The Second District also sustained plaintiffs’ fraud claims against defendants’ various Section 2-615 arguments.  While acknowledging that statements of opinion, future intent or financial projections are generally not actionable, the Court focused on the context, not the content of defendants’ statements.  (¶ 43)  The Court held that the plaintiffs sufficiently alleged that the defendants’ statements (that plaintiffs’ funds were 100% safe and the investment plan was proven to be successful) were sufficiently factual to state statutory and common law fraud claims under Illinois pleading rules. (¶ 44).

 Agency Analysis

Sustaining the plaintiffs’ agency allegations (and therefore upholding the claims against defendants’ 2-615 motion attack), the Court provided an agency law primer:

– agency is a fiduciary relationship where the principal can control the agent’s conduct and the agent can act on the principal’s behalf;

– an agent’s authority can be actual or apparent;

– actual authority can be express or implied;

– express authority = principal explicitly grants the agent authority to perform a given act;

implied authority = actual authority proved by circumstantial evidence of the agent.  That is, the principal’s conduct reasonably leads the agent to believe that the principal wants the agent to act on the principal’s behalf;

– apparent agency = principal holds out agent as having authority to act on principal’s behalf and a reasonably prudent third party would assume the agent’s authority based on the principal’s conduct.

(¶¶ 49-51).

Applying these rules, the Court held that the plaintiffs pled sufficient facts to establish an agency relationship between the two individual financial agents and the investment firm.  Factors the court considered in its agency calculus included that the defendants used the corporate employer’s offices, business cards and same phone number. ¶ 51.  The Court also cited the fact that plaintiffs had multiple meetings with the individual defendants at the corporate defendant’s office – something that would likely lead a reasonable person to assume that the individual defendants were authorized to act for the corporate principal.  As a result, plaintiffs’ stated colorable claims under Illinois fact-pleading rules.  14 of plaintiff’s 15 claims were reinstated.
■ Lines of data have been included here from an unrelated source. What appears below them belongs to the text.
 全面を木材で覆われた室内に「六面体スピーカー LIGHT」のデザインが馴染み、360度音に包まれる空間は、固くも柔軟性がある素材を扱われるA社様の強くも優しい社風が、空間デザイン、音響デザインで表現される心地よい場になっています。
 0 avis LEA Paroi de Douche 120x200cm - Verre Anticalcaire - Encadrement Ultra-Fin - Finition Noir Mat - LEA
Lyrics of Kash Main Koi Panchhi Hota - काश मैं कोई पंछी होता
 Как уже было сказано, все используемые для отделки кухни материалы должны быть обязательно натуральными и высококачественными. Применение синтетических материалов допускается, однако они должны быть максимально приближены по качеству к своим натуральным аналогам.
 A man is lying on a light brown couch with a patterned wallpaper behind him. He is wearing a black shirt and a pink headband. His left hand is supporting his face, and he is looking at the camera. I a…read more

Take-aways: The discovery rule applies to common law and consumer fraud claims.  The more detailed a plaintiff’s allegations, the better chance they will survive a limitations defense.  Fraud claims cannot be based on future intent, opinions or financial forecasts unless the statements are sufficiently present-tense and factual.   The case is also instructive on what agency allegations will and won’t satisfy Illinois fact-pleading rules where a plaintiff attempts to impute an agent’s conduct to a corporate principal.